Su sıçanının nicel olarak hesaplanması için, yakalamaları doğrudan hayvan sayımı, yuvaları ve beslenme tablolarıyla birleştiren çelik yay tuzaklarına (no. 0-1) başvurmak gerekir. 1945'te SSCB'nin Güneydoğu Devlet Mikrobiyoloji ve Epidemiyoloji Enstitüsü (Saratov) tarafından yayınlanan kemirgen sayısını hesaplama talimatlarına ve A.N. Formozov'un (1947) kişisel deneyimine dayanarak, aşağıdaki seçenekler için: su sıçanının çeşitli koşullar altında nicel olarak hesaplanması yöntemi önerilebilir:

1. Yöntem "tuzak-doğrusal". Yemsiz ark tuzakları, kıyı şeridi boyunca 50-100 m uzunluğundaki sahilin çeşitli bölümlerinde, birbirinden eşit aralıklarla (keyfi yer seçimini ortadan kaldırmak için) su sıçanlarının tüm deliklerine yerleştirilir. Tuzaklar günlük olarak denetleniyor, yakalanan hayvanlar dışarı çıkarılıyor, kapanan tuzaklar yine alarm veriyor. Tuzaklar, av keskin bir şekilde düşene kadar birkaç gün kalır. Yakalama sonuçları aynı tip kıyı şeridinde 1 km _ için listelenmiştir. Nüfusun bir göstergesi, bir kilometrelik alanda yakalanan fare sayısıdır.

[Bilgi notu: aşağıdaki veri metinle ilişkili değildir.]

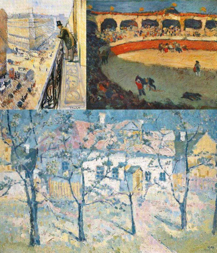 Слева: Эдвард Мунк “Улица Лафайет”, 1901 г. Национальная галерея Осло, Норвегия. Справа: Пабло Пикассо “Коррида”, 1901 г. Частная коллекция. Внизу: Казимир Малевич “Весна, яблоня в цвету”, 1904 г. Третьяковская галерея.

2. Yöntem "tuzak platformu". Su sıçanının kıyı şeridinden uzakta "yaygın" yerleşimlerinde (saz tussocks, yarı su basmış söğüt çalılıkları, kuyruk, sazlık, nemli çayırlar vb.) Tuzaklar, tüm yuvalarda, yemek masalarında ve su faresi besleme yollarının kesişme noktalarında 0.25-0.5 ha'lık alanlara yerleştirilir. Çok sayıda delik varsa, ön kazı ile sayıları azaltılır ve tuzaklar sadece açılan geçitlere kurulur. Yakalama iki gün sürer ve iki kez tuzak denetimi yapılır (sabah ve akşam). Muhasebe sonuçları 1 ha için listelenmiştir.

3. Sonbaharın sonlarında ve güneyde, az kar olan bölgelerde ve kışın su farelerinin yeraltı yaşamına geçişi sırasında, yeraltı geçitlerine tuzaklar kurularak tuzak-platform tekniği değiştirilir.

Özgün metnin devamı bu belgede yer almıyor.